And I appreciate that you believe your interpretation of internet data is more credible than quotes from the people who compiled and published that data, but that doesn't make sense to me. Readers here should know I never rely solely internet information. As a reporter, I always interview the people who allegedly made the statements. You'd be stunned how wrong the internet and the interpretation thereof often is.
In the article, I did not call for less deer season in Indiana, just a shift. In fact, our deer season has been repeatedly liberized over the past two decades, with almost no roll back. And that is fine with me, to a point. All some of my readers are asking, is if we can back off of gun season some, because whether people opposed to the notion like it or not, law enforcement in every state I talked to, confirm, there are more violations/confrontations during gun season than in all other seasons combined.
"
Kirk Demaree wrote on Feb 25, 2008 3:07 AM:
" Mr. Mulligan's recent column accused Indiana's DNR of being "out of step", yet he saw fit to not even consult IDNR for either recent survey data or to allow them to respond to his assertions.
In point of fact, Indiana's deer seasons were lengthened in the past several years in direct response to overwhelming response to hunter surveys for longer, not shorter, hunting seasons.

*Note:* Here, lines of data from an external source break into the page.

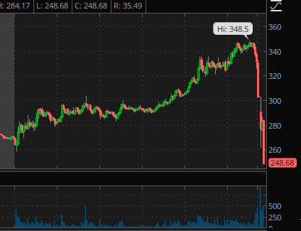 Gonna be interesting to see if this wick that went over $300 today can hold. I'd imagine lots of sell limit orders were triggered
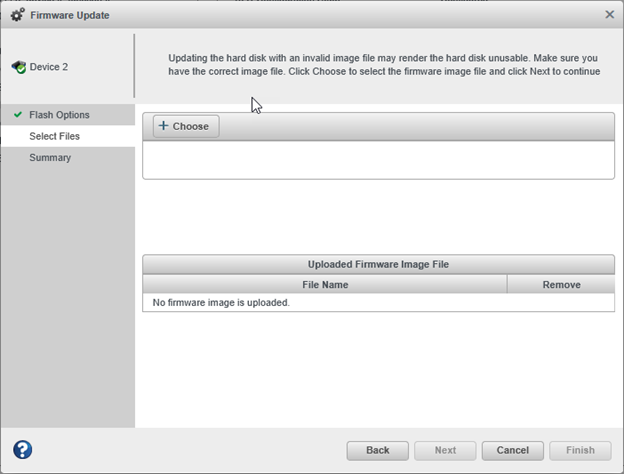 - When the file name appears in the Uploaded Firmware Image File(s) list, click Next.
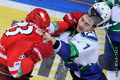 Игроки "Спартака" Кирилл Князев и "Югры" Алексей Пепеляев (слева направо) в матче чемпионата КХЛ: "Спартак" (Москва) - "Югра" (Ханты-Мансийск)
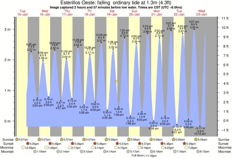 Image captured 2 hours and 57 minutes before low water (falling ordinary tide). Tide height was 1.3m (4.3 ft). Range 3.26m (10.7 ft). Toggle tide graph
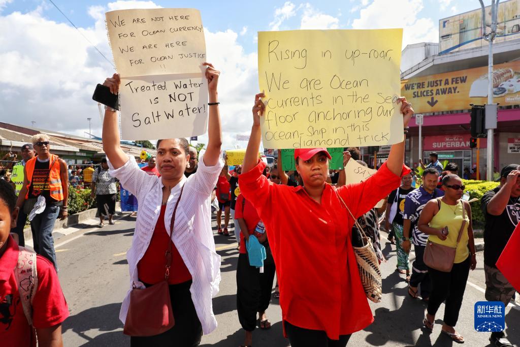 當(dāng)日,數(shù)百名斐濟民眾沿街游行,強烈抗議日本政府啟動福島第一核電站核污染水排海,呼吁國際社會采取行動保護太平洋生態(tài)和子孫后代的福祉。
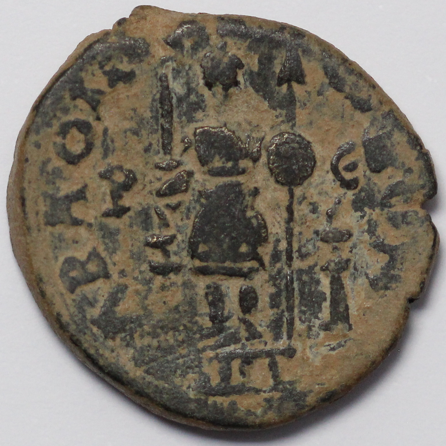 Laureate, draped, and cuirassed bust right, seen from behind / Facing cult statue of Mars, holding sword, spear, and shield; lit altar to either side; P Є (date) across field.

Statements made by Ohio's chief deer manager to the effect that they are able to have both short seasons and adequate herd population control is, in fact, not born out by ODNR's own data contained in a 20 page statistical report and readily available on their website. Ohio's deer/vehicle accident rates and crop damage complaints have in fact been rising every year for the past 5 or more years, indicating an increasing herd population.
Mr. Mulligan's claims that landowners want shorter seasons due to trespassing complaints is simply wrong. As a landowner and farmer, I can tell you that those with agricultural interests desire that the deer herd be controlled, first and foremost. Furthermore, Mulligan singles out the gun season in making this argument, when in fact poaching and trespassing goes on in bow season as well, which runs for over three months in Indiana.
This column did a dis-service to the Indiana DNR, and misrepresents the true wishes of Indiana deer hunters relative to their season lengths, which has been well documented. "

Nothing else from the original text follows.